最后,还是陈婉茹先从那跌宕起伏的“单口相声”里回过神来。
她夹起一片在红油锅里涮得恰到好处、微微卷曲、挂满了亮晶晶红油的毛肚,在面前的香油蒜泥碟里滚了个遍,塞进嘴里,满足地眯起眼嚼着。
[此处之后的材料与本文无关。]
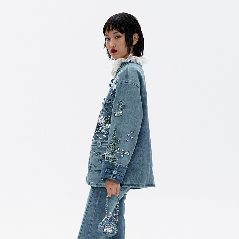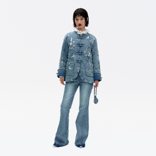 lefame拉飞姆冬季 亭台楼阁牛仔羽绒服外套女 中式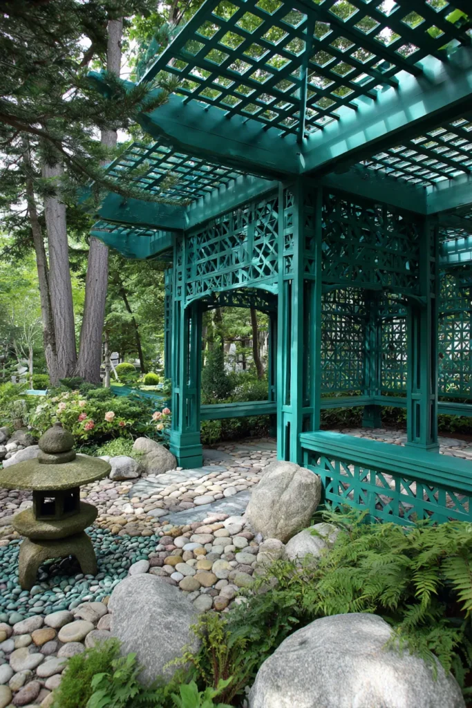 What an unforgettable color! This metal pergola is actually designed as an enclosed gazebo with incredibly intricate, latticed sides and roof, all painted a vivid, deep teal or jade green. It’s set into a tranquil, Japanese-inspired garden full of polished river stones and lush foliage, acting as a stunning focal point and a beautiful sheltered spot for peaceful reflection.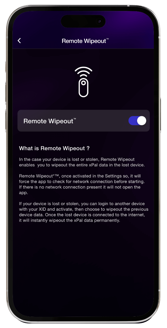 In the case your device is lost or stolen, Remote Wipeout enables you to wipeout the entire xPal data in the lost device.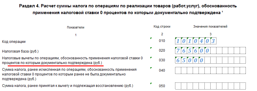 ООО «Феникс» отгрузило товар по договору 17 января 2016 года на сумму 10 000 долларов, курс на эту дату составлял – 76,56. Цена экспортной поставки содержит «входной НДС» — 65 000 рублей. Все нужные документы организация собрала 20 марта. При подаче декларации 20 апреля 2016 года заполняется раздел 4 (1 отчетный квартал). Указанная в графе 030 цифра равна итоговой сумме уменьшения налога, и влияет на расчет граф 040 и 050 раздела 1. Код 1010403 соответствует НДС 18% (1010404 – 10%).
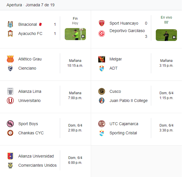 Así se juega la fecha 7 del Torneo Apertura de la Liga 1 2025, en el que Alianza Lima recibirá en Matute a Universitario de Deportes, mientras que Sporting Cristal visitará en Cajamarca al colero UTC.
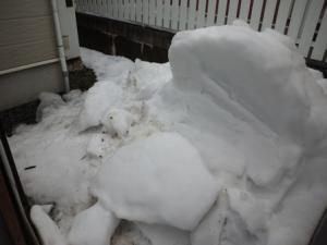 今朝、裏口から外に出てみると雪の塊が隣家との境にドサッと。裏口の屋根に積もっていた雪が昨日の雨で解けて落ちてきたよう。人にあたったら危ない量です。火災保険をご契約いただいているお客様からも落雪により塀が倒れた、エアコンの室外機がつぶれたとの連絡が入りました。今年の大雪は多大な雪害被害を生みそうです。毎年多いのは雨どいの破損。これらももちろん雪害対象となります。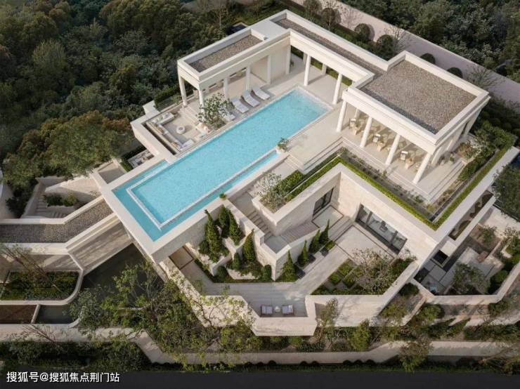 当青翠的山色映照在门前的镜面水池里,当莫奈睡莲画作中的那座桥浮现在大堂的环幕会客厅里,当街上的车水马龙隐现在沿街柱廊里,当这样一座「雅典卫城」矗立在街边,你能感受到绿城又把他们的「庐系」低密产品线推到了一个新高度。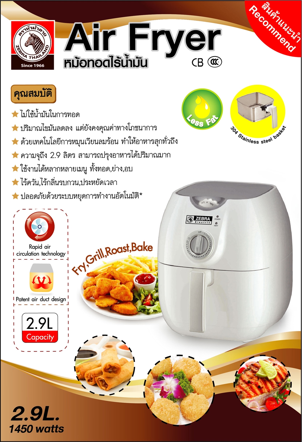 อร่อยง่ายๆได้สุขภาพ กับหม้อทอดไร้น้ำมัน Air Fryer ZB-AF1450 ด้วยเทคโนโลยีการหมุนเวียนลมร้อน ช่วยให้อาหารสุกทั่วถึง โดยไม่ต้องใช้น้ำมันในการทอด ลดปริมาณไขมันในอาหารที่ปรุง แต่ยังคงคุณค่าทางโภชนการ มาพร้อมตะแกรงทอดผลิตจากสเตนเลสเกรดคุณภาพ SUS304 จะทอด ย่าง หรืออบ ก็อร่อยทุกเมนู...

然后,她抬起那双依旧亮得晃人的眼睛,带着点狡黠和亲昵,瞅着对面因为讲得太投入而脸色更红、额头冒汗的祁阳:
“祁大夫,”她故意拖着调子,声音在火锅的喧嚣里依然清脆,“故事讲得是挺唬人,就是不知道你这酒量,跟你的口才配不配得上啊?这才几瓶啤酒下肚,脸就跟煮熟了的虾子似的了?待会儿咱们可说好了,还得转场去‘蓝调’接着嗨呢,你可别到时候第一个趴窝,钻桌子底下去找都找不着哦!”
祁阳还沉浸在刚才自己营造的英雄氛围里,被陈婉茹这冷不丁的、带着关切又戏谑的调侃弄得一怔,脸上顿时更烫了。
他有点不好意思地挠挠后脑勺,露出个无奈又带着点憨的笑,张了张嘴,似乎想反驳几句,维护一下自己作为男人那点可怜的尊严,可话到嘴边又咽了回去。
然后习惯性地、带着一丝不易察觉的纵容,用漏勺从翻滚的红汤里捞起几片烫得刚好的、嫩滑的牛肉,小心翼翼滤了滤汤汁,然后一声不吭,全拨拉到了陈婉茹面前那个已经堆了些食物的小碗里。
“快吃你的,毛肚老了塞牙。”他低声嘟囔了一句,巧妙地岔开话题,也用行动表达了那份笨拙的关心。
陈婉茹看着他这副模样,嘴角的笑意更深了,像只偷到腥的猫,心满意足地低头对付起碗里的美味。
火锅的热气继续袅袅上升,把几张年轻的脸笼罩在温暖的朦胧里,欢声笑语混着食物香气,成了这劫后余生的夜晚里,最实在、最熨帖的一抹人间烟火。
酒足饭饱,嘴里还残留着火锅的麻辣和啤酒的麦芽味儿,一行人带着微醺的惬意和年轻人那股子用不完的精力,又咋咋呼呼地扑向了下一个据点——
商业街最热闹地段的“蓝调”酒吧。
推开那扇厚重的、黑漆漆的隔音门,像是一头扎进了另一个世界。
震耳欲聋的音乐瞬间吞没了他们在街上所有的说笑。
低音炮开得极大,那沉重又极具穿透力的鼓点,“咚!咚!咚!”一下下,不是响在耳朵里,而是直接砸在胸口上,震得人心脏发麻,内脏都跟着哆嗦。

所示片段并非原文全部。